Once my stocking was all opened, I got up and packed up my stuff to head down into Chota.  I couldn’t fight the feeling of just really needing to get out of my house, off my mountain, and around other Americans.  Once all my stuff was packed, I realized I couldn’t call the nice mototaxi driver, Elvis, because I didn’t have money charged up on my phone.  I walked into the kitchen, where I found my whole family awake and eating, and asked my host mom if she could call Elvis for me because I didn’t have “recarga” on my phone.  She said sure, but told me to eat first.  I felt a slight tug of desperation and wanted to beg that she call now because I’d have to wait an hour regardless and I needed to get the hell out of there.  However, I didn’t know how to ask politely, so I sat down on the bench and tried to think of a nice way to ask.  She set in front of me the bowl from the night before, complete with cold chicken, panetón and nasty biscuits.  The image and feel and sounds of Christmas morning breakfast at home popped into my head, my grandfather in his red plaid robe and Christmas hat; my mom in her periwinkle purple one, her contented little Christmas smile that pulls lightly at the corner of her mouth, and the unbrushed cowlick at the back of her head that leaves a little bump of hair poking up, the mirror image of my grandmother’s bed head; warm, freshly baked scones, fresh fruit, orange juice, and coffee in Yaya’s old China cups with the blue rim; Mom’s favorite and only classical Christmas CD that skips more often than not and leaves someone running into the summer kitchen to change the song…
My eyes started to water and I shoved the images out of my head.  As I opened my mouth to make a desperate plea for the phone call, Samuel got up with the cell phone and walked out of the kitchen.  He came back a minute later and said that Elvis didn’t pick up his phone.  Unexpectedly, the tears came flooding down my cheeks in an instant, but I brushed them away and tried to put a firm cap back on the water works.  I focused intently on my cold chicken.  After two or three more calls, Elvis finally picked up and said he would come to get us. 

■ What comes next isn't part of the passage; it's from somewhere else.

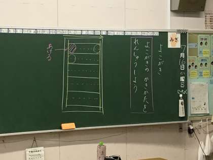 1年1組さんでは国語の授業で「よこがきの かきかたを れんしゅうしよう」に取り組んでいました。

We waited almost two hours for him to come, I sat watching the ducks clean themselves and the pig try to eat chicken poop out of the range of his rope, before we started walking down the road and found him parked by the school.  I rode down the hill with my host grandfather, Maximandro, and Celina.  We’d been in the mototaxi for maybe five minutes before we came across three people walking down the road who wanted a ride into town.  Six people in a mototaxi = not good.  Three of the six people in the mototaxi up all night dancing and drinking = REALLY not good.  Two of the three people who joined us were guys so drunk their eyes wouldn’t focus, and one super chatty, very shrill, and blatantly yelling little woman.  To situate yourselves correctly in this scenario, if you have never been in a mototaxi, picture a carriage, how people sit on either side facing each other but imagine that carriage is much smaller, not sufficiently covered to keep out the pouring rain, and actually pulled by a motorcycle.  Well, the guy sitting across from me, or in front of me depending on your perspective, reeked, and was so hung over he kept his head down and spent most of the ride with it bent out the door, afraid he would vomit.  The bad news is that if he vomited, I would get it all over me even if he did get it out of the door, because I was down wind of him and there isn’t actually a door.  So I spent most of the ride clutching my backpack in my lap with one hand steadying myself, swearing over and over again in my head that if he puked on me I was actually going to kill him.  Not a Christmasy thought, but getting puked on is not a Christmasy activity.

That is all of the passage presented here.